In the book of Hebrews we see that God’s greatest warning is the danger of not believing the gospel message. This excludes people from heaven and leads to eternal punishment for one’s sins. In particular an apostate (a professing Christian who becomes a traitor) is doomed to punishment in hell.

Context

Hebrews was written to Jewish Christians who were being persecuted for their faith (Heb. 12:4-13; 13:3). Because of their hardship and suffering, they were tired and weak (Heb. 12:3, 12-13). This also impacted their spiritual lives. They were being tempted to give up following Jesus and turn back to their Jewish customs. They were spiritually weak.

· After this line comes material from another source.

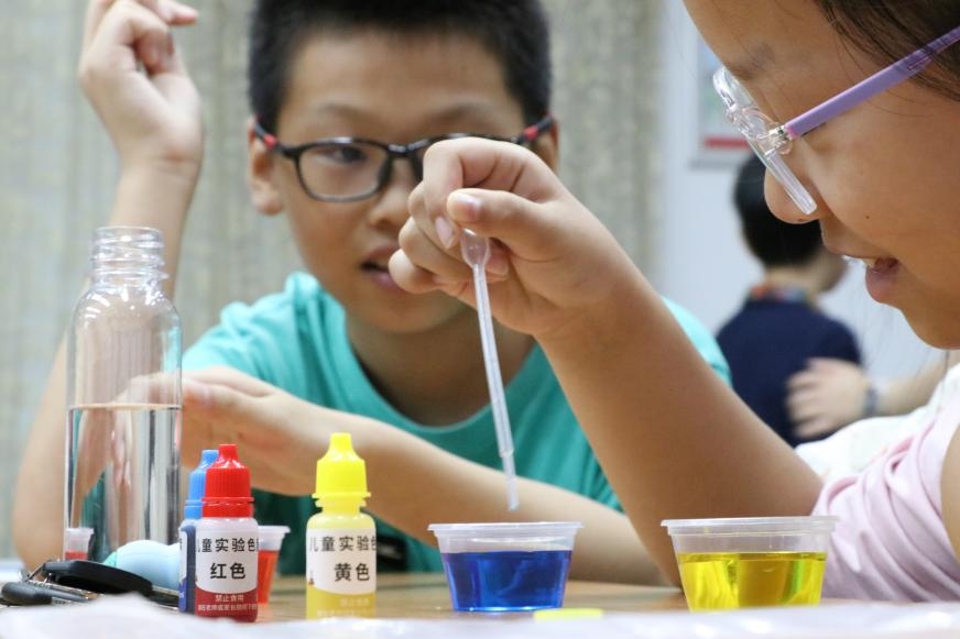 在感受了大運(yùn)河文化的魅力之后,實(shí)踐團(tuán)隊(duì)又帶領(lǐng)小朋友們走進(jìn)了神奇的科學(xué)世界。第一個(gè)科學(xué)實(shí)驗(yàn)是關(guān)于三原色的小實(shí)驗(yàn)。實(shí)驗(yàn)臺(tái)上擺放著三種顏色的液體,有藍(lán)色、黃色、紅色。講解員先向小朋友們介紹了三原色的概念,然后開始演示實(shí)驗(yàn)。只見他們將不同的液體倒入一個(gè)透明的玻璃杯中,神奇的現(xiàn)象發(fā)生了:混合的液體形成了新的顏色。在實(shí)踐團(tuán)隊(duì)成員的指導(dǎo)下,小朋友們親自動(dòng)手進(jìn)行實(shí)驗(yàn),感受著科學(xué)的奇妙。

Hebrews tells them what they needed to know and to do. The first 9.5 chapters show that Jesus is greater than all the Jewish heroes like the prophets, angels, Moses and Joshua, and the priests. He is also greater than all our heroes, whoever they may be, including scientists, those promoting spiritual experiences, the leaders of nations and religions. It finishes with showing how Jesus’ sacrifice is greater than the Jewish sacrifices, greater than any good works we might think help us get to heaven.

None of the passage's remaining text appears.